It could be considered a magic trick that will have the audience gasping in disbelief: turning one of your child’s college expenses into (drumroll, please)…a profit!
Setting the stage for this trick will take some doing. Consider the magician to be the parent of a Henry County high school age child. This should be someone who subscribes to the overall philosophy of regarding every potential catastrophe as nothing more than a well-disguised opportunity.
When this magician reads that college tuition and fees are now $22,000-$30,000 per year, and that the average cost of room and board in 2013-2014 will range from $9,500 at a 4-year public college to $10,830 at a private school, he doesn’t quake in terror. Instead, he thinks, “opportunity!”

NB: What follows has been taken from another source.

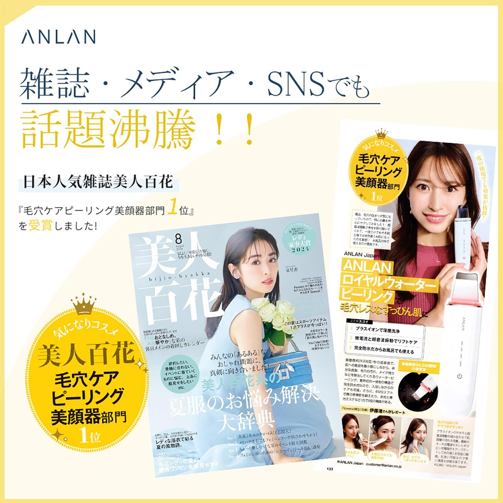 「ANLAN ロイヤルウォーターピーリング、美人百花毛穴ケアピーリング美顔器部門NO1を受賞」ANLAN初めの完全防水式ウォーターピーリング美顔器。業界初!一体型の構造を採用し側面に隙間はない。そして最新のタッチ式電源ボタンとポゴピン充電端子をアップデートして水の侵入を完全に隔絶、IPX7完全防水を実現!水と超音波ですっぴんに自信が持ってる肌へ。

After all, this is someone who sees a lemon and thinks “lemonade,” so when he considers sending a son or daughter off to college, he thinks, “what a terrific real estate investment opportunity!”

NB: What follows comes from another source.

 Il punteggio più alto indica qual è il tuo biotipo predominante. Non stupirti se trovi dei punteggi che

Believe it or not, that’s what some parent-magicians have done—although, for sure, it’s a strategy that takes the right props: a combination of institution, neighborhood, child and available capital—plus the willingness to do the homework every good real estate investment takes. With all of them in place, it’s more than possible to actually incubate a long-term gain from an ever-more-expensive college foray.

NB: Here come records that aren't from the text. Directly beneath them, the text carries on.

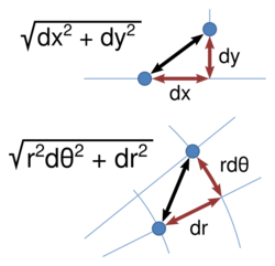 Performing the squares and combining terms, the Pythagorean formula for distance in Cartesian coordinates produces the separation in polar coordinates as: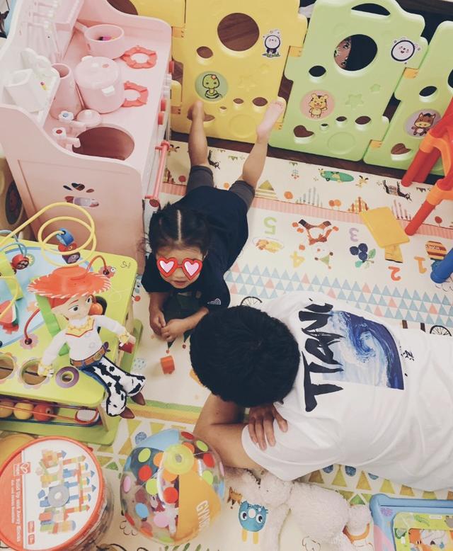陈赫还会陪女儿在游戏区里玩玩具、聊天,像极了安安的好姐妹!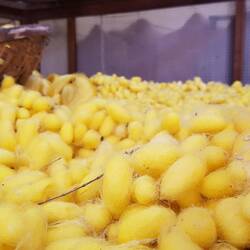 Die Kokons werden anschliessend in ein lauwarmes Wasserbad gelegt, damit die Fäden abgewickelt werden können. Aus 20-25 Fäden, welche bis zu 900m lang sein können, werden mittels Haspelrad jene Fäden gesponnen, welche mittels Webstuhl weiter verarbeitet werden. Dank der reinweissen Farbe des Fadens des Seidenspinners lässt sich die Seide sehr gut einfärben. Selbstverständlich liessen sich die Erzeugnisse im Laden nebenan käuflich erwerben. Ich kann widerstehen - zumindest vorerst. Ich will mir keinen Anzug schneidern lassen und schlage erst am Schluss bei einem Bambus-T-Shirt zu. Ich will herausfinden, ob ich einen Unterschied zu Shirts mit Baumwolle feststellen kann.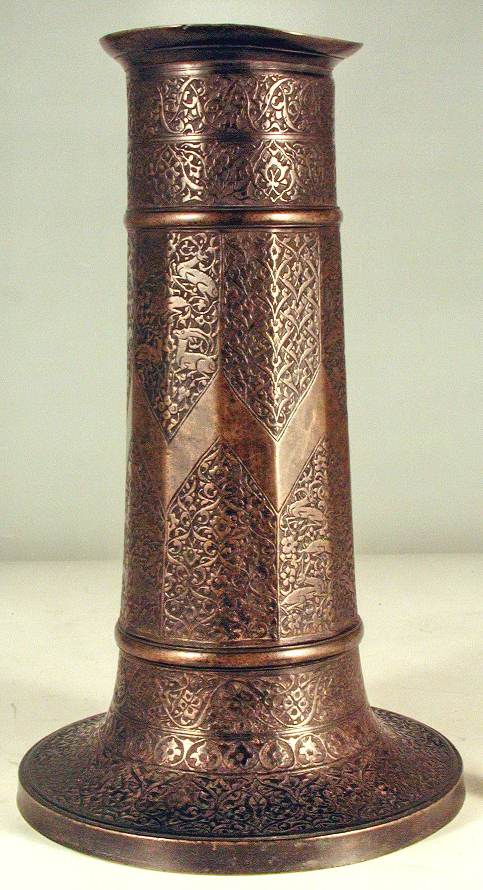 The above verse from a poem by the famous Iranian poet Sa‘di (died 1291–92) is commonly found on candlesticks (sham‘dans) of the Safavid period (1501–1722), including the upper band of the Aga Khan Museum candlestick shown here. The symbolic comparison between the mystic lover seeking the Divine and the moth yearning for the flame finds a natural home decorating lighting devices. Also typical of candlesticks from the Safavid period is split-palmette design on a cross-hatched background, here in an overall pattern that seems to rise along the ridges of the body. The overall floral scroll is interrupted by a six-lobed cusped arch chevron, which seems hidden in the densely engraved foliage.

Buying an investment property that will house your child plus a select crew of roommates can do more than ensure that they have a safe and comfortable place to concentrate on their studies. The calculation is almost as straightforward as any other rental opportunity: for kids who will live away from home, over a four year period, average accommodations will run between $36,000-$42,000. Aside from the offspring’s undying gratitude, that normally comes as a straight loss. If an off-campus residence is acquired as a real estate investment, that same outlay could (presto! chango!) turn into a substantial deposit on a rental property that the family owns.
You don’t have to be Harry Houdini to investigate the benefits any Henry County real estate investment can bring—nor one that could magically appear if your high school student is accepted to an out-of-town college.
The possibility of a real estate investment should always be a card up your sleeve when you think about building your retirement portfolio.